-
公开(公告)号:US20230335117A1
公开(公告)日:2023-10-19
申请号:US18186872
申请日:2023-03-20
Applicant: Google LLC
Inventor: Shuo-yiin Chang , Guru Prakash Arumugam , Zelin Wu , Tara N. Sainath , Bo LI , Qiao Liang , Adam Stambler , Shyam Upadhyay , Manaal Faruqui , Trevor Strohman
CPC classification number: G10L15/16 , G10L15/22 , G10L15/063 , G10L2015/223
Abstract: A method includes receiving, as input to a speech recognition model, audio data corresponding to a spoken utterance. The method also includes performing, using the speech recognition model, speech recognition on the audio data by, at each of a plurality of time steps, encoding, using an audio encoder, the audio data corresponding to the spoken utterance into a corresponding audio encoding, and decoding, using a speech recognition joint network, the corresponding audio encoding into a probability distribution over possible output labels.
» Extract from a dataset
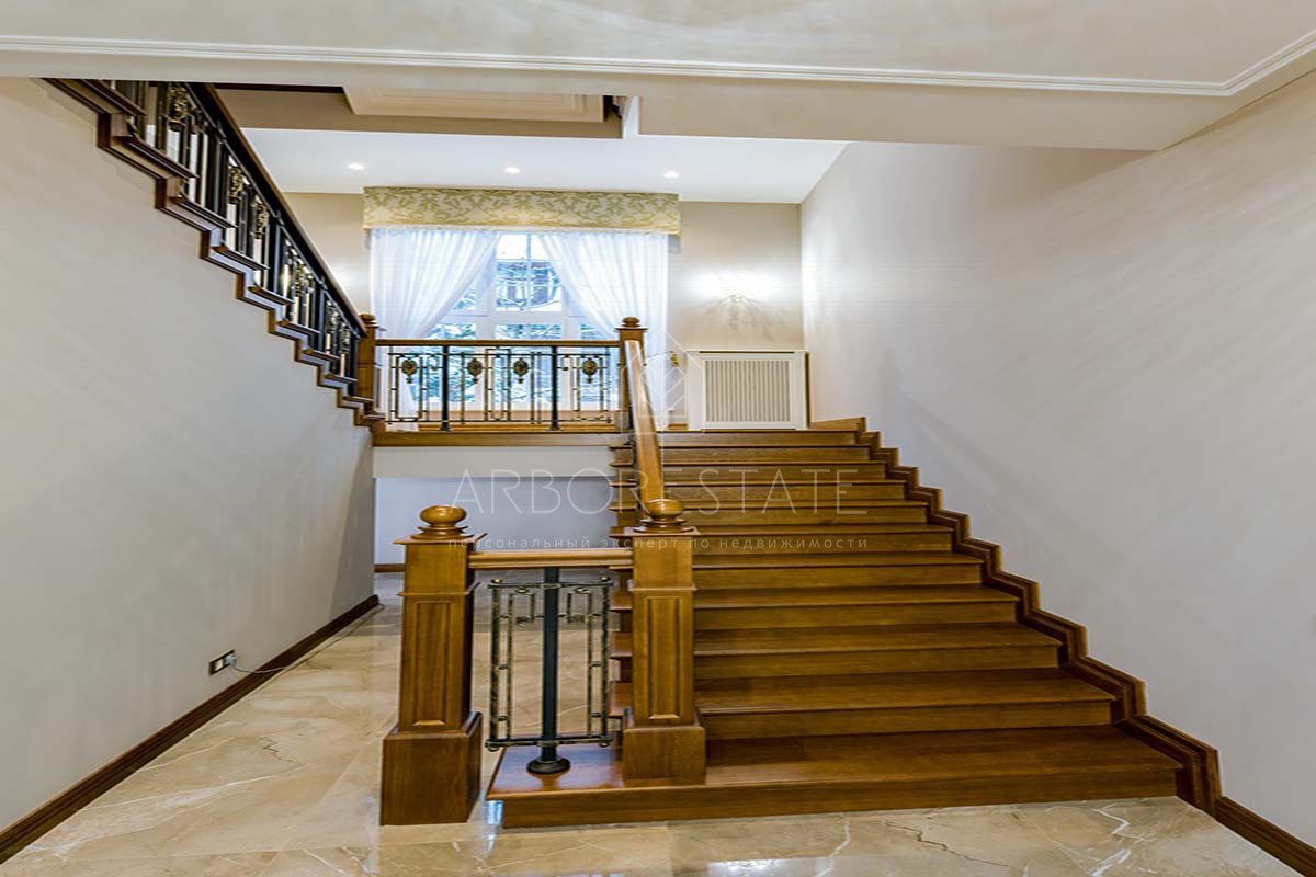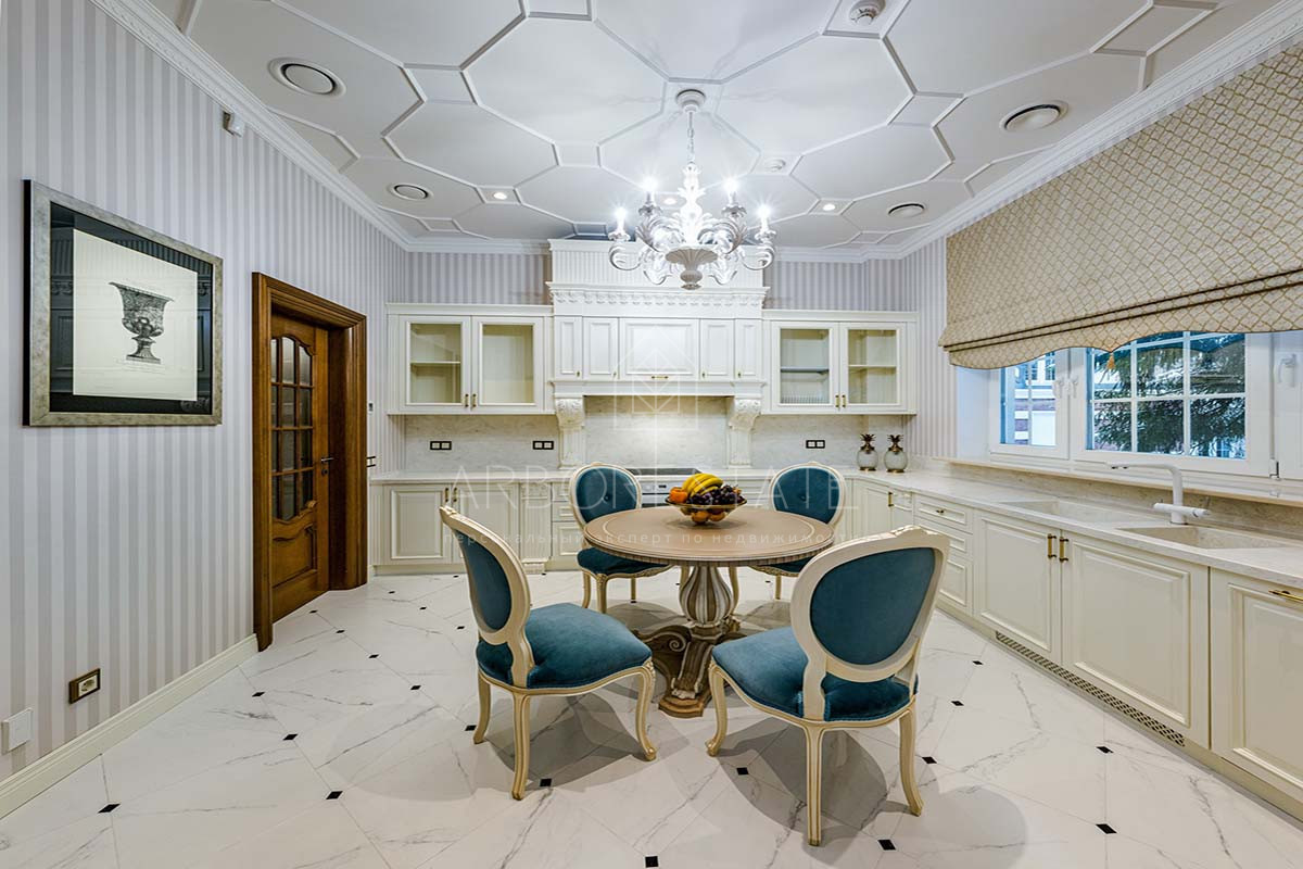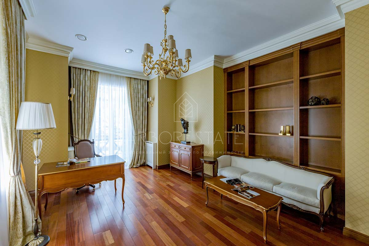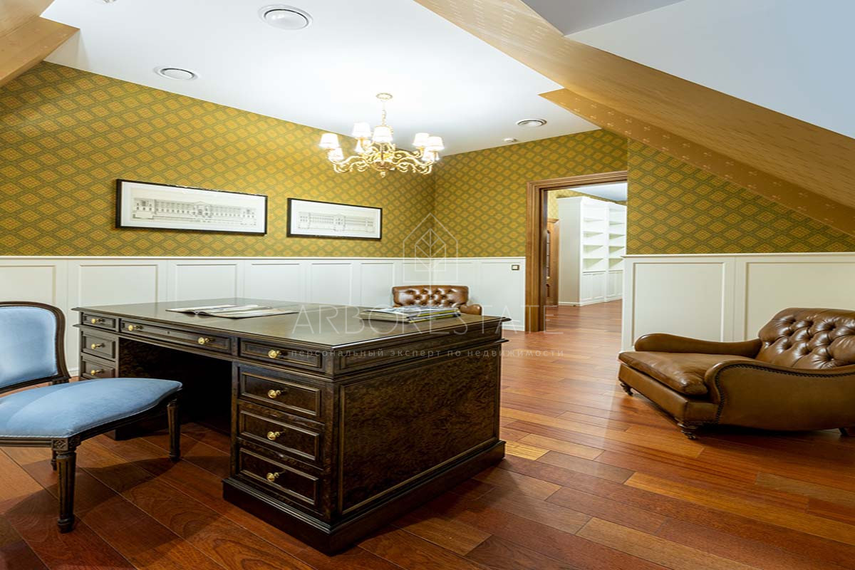 Отделка дома уникальна, выполнена по индивидуальному дизайн проекту. В отделке использованы материалы премиум класса. Удобная планировка создаёт атмосферу уюта домашнего проживания и функциональности помещений. В доме расположились гостиная с камином, столовая с выходом на приватную террасу, кухня, четыре спальных комнаты со своими санузлами, 2 гардеробные, кабинет, бильярдная, библиотека со стрельчатым потолком, зона SPA с сауной, есть подсобные помещения, постирочная. В доме гараж на 2 машиноместа.

At each of the plurality of time steps, the method also includes determining, using an intended query (IQ) joint network configured to receive a label history representation associated with a sequence of non-blank symbols output by a final softmax layer, an intended query decision indicating whether or not the spoken utterance includes a query intended for a digital assistant.